== WHAT THE EXERCISE ASKS ==
Output only the stretch of the listing that starts at the line containing "Terence Conran - Habitat" and ends at the line containing "- Полный пансион", reproduced exactly with both ends.
┄┄┄┄┄┄
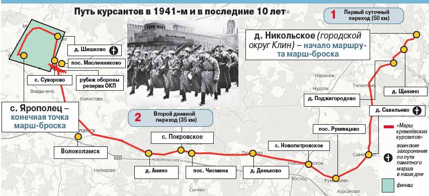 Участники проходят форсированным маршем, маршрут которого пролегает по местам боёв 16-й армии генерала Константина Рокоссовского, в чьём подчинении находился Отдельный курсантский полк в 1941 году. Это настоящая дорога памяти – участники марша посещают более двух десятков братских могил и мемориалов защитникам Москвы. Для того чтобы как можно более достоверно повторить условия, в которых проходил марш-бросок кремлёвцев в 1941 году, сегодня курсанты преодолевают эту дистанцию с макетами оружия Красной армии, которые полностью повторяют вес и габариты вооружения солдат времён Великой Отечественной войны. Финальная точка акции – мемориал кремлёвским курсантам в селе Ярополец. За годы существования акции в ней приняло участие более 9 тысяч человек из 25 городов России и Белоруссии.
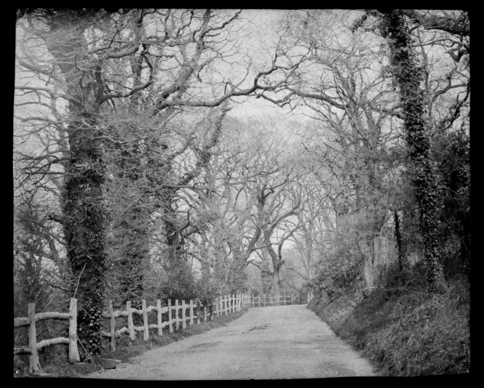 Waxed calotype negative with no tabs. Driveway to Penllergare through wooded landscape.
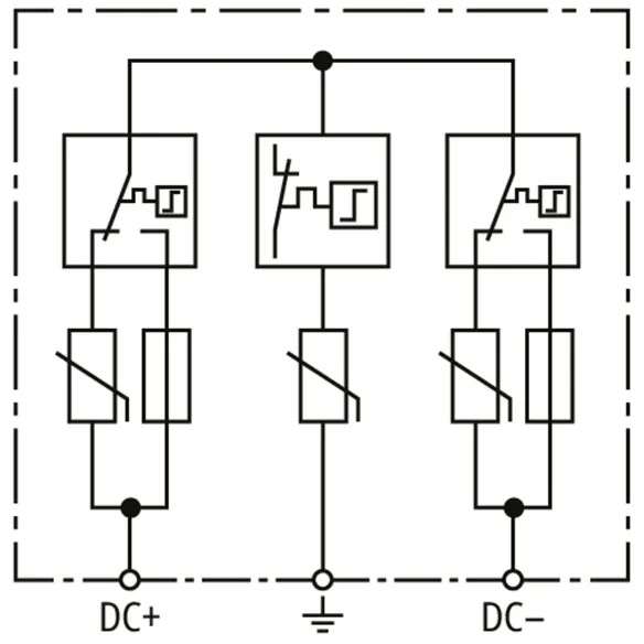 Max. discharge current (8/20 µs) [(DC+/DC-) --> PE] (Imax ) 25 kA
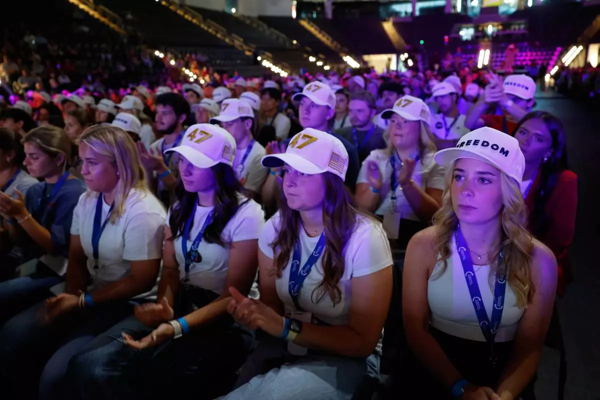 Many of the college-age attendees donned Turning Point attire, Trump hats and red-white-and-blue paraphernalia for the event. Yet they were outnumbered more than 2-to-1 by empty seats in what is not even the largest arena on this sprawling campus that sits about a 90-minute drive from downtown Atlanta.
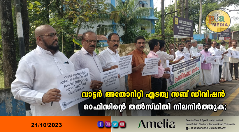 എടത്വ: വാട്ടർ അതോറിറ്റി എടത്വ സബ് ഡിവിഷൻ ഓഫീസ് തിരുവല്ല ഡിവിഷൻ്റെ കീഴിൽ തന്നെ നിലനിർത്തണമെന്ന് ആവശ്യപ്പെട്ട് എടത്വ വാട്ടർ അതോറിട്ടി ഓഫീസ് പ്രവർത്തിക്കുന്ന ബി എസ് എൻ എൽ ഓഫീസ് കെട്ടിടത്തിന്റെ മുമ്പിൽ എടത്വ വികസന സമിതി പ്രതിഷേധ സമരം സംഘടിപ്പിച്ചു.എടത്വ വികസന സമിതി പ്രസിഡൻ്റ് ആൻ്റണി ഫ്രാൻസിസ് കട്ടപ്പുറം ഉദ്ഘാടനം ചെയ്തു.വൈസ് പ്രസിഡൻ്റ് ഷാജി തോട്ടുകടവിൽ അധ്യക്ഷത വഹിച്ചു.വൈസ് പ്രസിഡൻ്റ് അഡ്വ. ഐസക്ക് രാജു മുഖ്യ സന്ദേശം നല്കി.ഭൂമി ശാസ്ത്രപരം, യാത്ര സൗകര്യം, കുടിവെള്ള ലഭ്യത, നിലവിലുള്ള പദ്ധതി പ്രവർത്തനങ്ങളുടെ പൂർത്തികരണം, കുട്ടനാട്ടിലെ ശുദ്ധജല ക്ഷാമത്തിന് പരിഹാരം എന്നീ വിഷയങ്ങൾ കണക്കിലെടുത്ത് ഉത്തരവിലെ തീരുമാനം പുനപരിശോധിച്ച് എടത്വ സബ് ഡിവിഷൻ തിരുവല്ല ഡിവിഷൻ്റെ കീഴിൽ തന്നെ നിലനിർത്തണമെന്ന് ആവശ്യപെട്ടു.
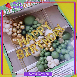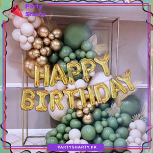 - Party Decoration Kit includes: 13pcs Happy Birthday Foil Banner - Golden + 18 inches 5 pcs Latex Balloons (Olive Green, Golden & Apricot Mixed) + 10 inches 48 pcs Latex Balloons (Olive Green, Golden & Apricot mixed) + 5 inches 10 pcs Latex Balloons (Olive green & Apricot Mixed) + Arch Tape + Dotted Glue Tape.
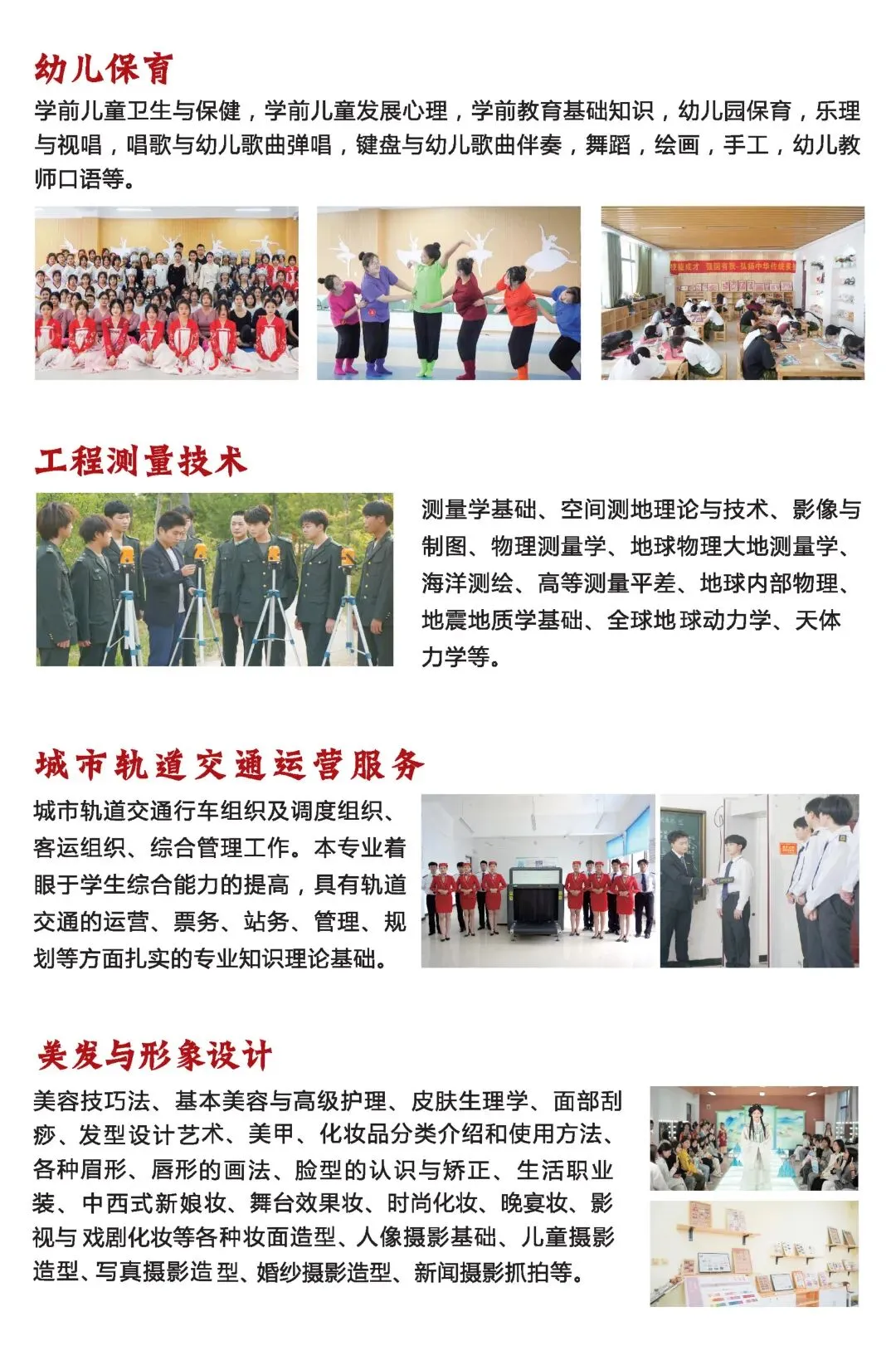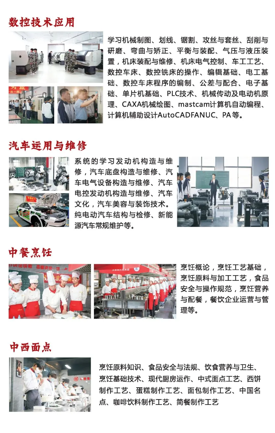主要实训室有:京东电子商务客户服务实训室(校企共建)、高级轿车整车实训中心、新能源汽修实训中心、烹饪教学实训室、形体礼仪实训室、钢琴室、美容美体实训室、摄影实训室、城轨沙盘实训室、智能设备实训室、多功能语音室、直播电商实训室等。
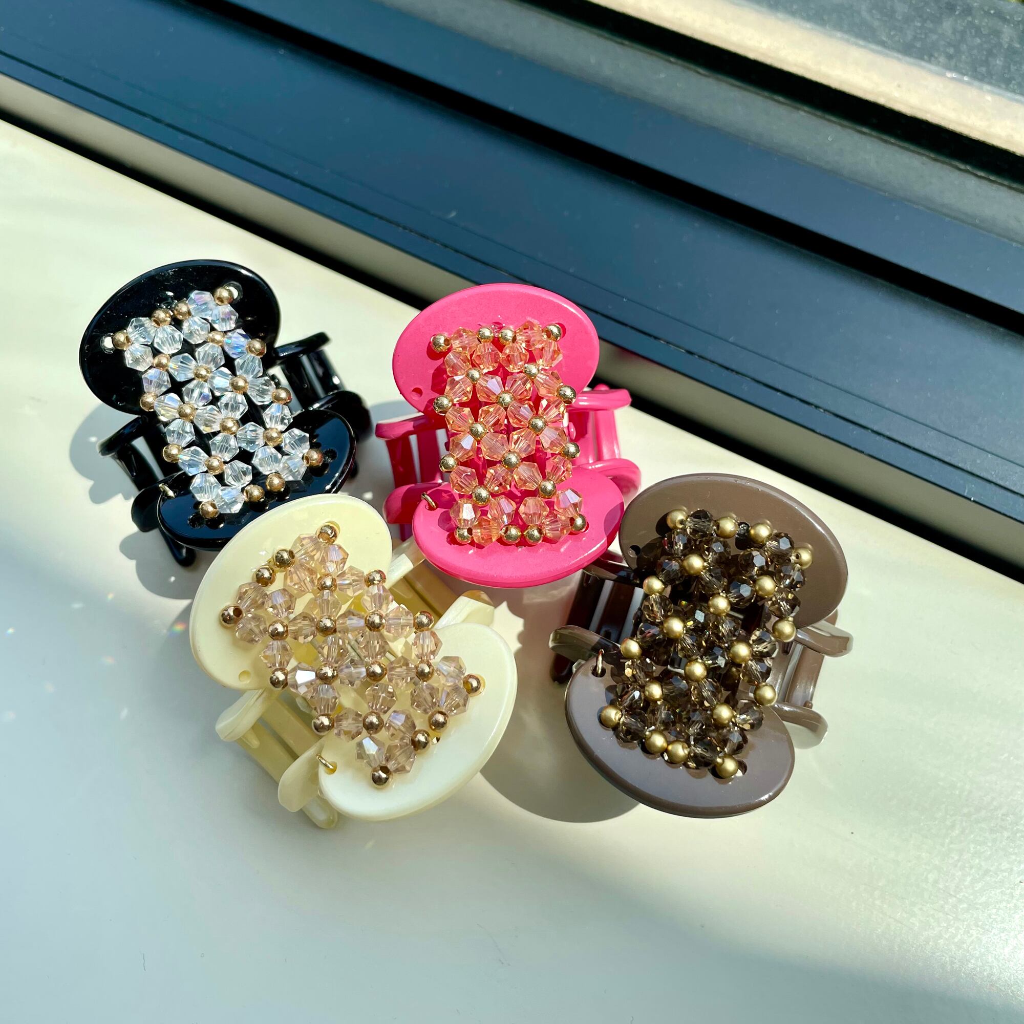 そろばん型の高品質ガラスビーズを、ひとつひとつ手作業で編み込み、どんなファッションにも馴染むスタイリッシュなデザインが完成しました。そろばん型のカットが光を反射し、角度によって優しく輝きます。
┄┄┄┄┄┄
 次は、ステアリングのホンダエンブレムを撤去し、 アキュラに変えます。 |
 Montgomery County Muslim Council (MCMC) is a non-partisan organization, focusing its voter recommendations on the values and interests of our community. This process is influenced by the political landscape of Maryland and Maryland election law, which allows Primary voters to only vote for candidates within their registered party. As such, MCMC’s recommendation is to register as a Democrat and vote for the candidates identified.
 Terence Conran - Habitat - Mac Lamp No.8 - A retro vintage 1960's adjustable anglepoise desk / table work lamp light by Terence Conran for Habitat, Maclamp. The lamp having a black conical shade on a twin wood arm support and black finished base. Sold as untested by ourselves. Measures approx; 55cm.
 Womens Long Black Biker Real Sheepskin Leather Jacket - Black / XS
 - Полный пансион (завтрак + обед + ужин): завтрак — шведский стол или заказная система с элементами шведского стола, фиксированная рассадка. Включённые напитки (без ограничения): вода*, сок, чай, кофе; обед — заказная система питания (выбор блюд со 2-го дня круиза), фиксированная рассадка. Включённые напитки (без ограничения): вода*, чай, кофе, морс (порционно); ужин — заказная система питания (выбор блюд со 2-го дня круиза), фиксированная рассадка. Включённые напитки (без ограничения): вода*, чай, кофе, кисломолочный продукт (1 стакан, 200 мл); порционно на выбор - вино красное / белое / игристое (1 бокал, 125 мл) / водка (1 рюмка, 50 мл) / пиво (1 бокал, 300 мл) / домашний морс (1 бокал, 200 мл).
┄┄┄┄┄┄
== TASK RESPONSE ==
 Terence Conran - Habitat - Mac Lamp No.8 - A retro vintage 1960's adjustable anglepoise desk / table work lamp light by Terence Conran for Habitat, Maclamp. The lamp having a black conical shade on a twin wood arm support and black finished base. Sold as untested by ourselves. Measures approx; 55cm.
 Womens Long Black Biker Real Sheepskin Leather Jacket - Black / XS
 - Полный пансион (завтрак + обед + ужин): завтрак — шведский стол или заказная система с элементами шведского стола, фиксированная рассадка. Включённые напитки (без ограничения): вода*, сок, чай, кофе; обед — заказная система питания (выбор блюд со 2-го дня круиза), фиксированная рассадка. Включённые напитки (без ограничения): вода*, чай, кофе, морс (порционно); ужин — заказная система питания (выбор блюд со 2-го дня круиза), фиксированная рассадка. Включённые напитки (без ограничения): вода*, чай, кофе, кисломолочный продукт (1 стакан, 200 мл); порционно на выбор - вино красное / белое / игристое (1 бокал, 125 мл) / водка (1 рюмка, 50 мл) / пиво (1 бокал, 300 мл) / домашний морс (1 бокал, 200 мл).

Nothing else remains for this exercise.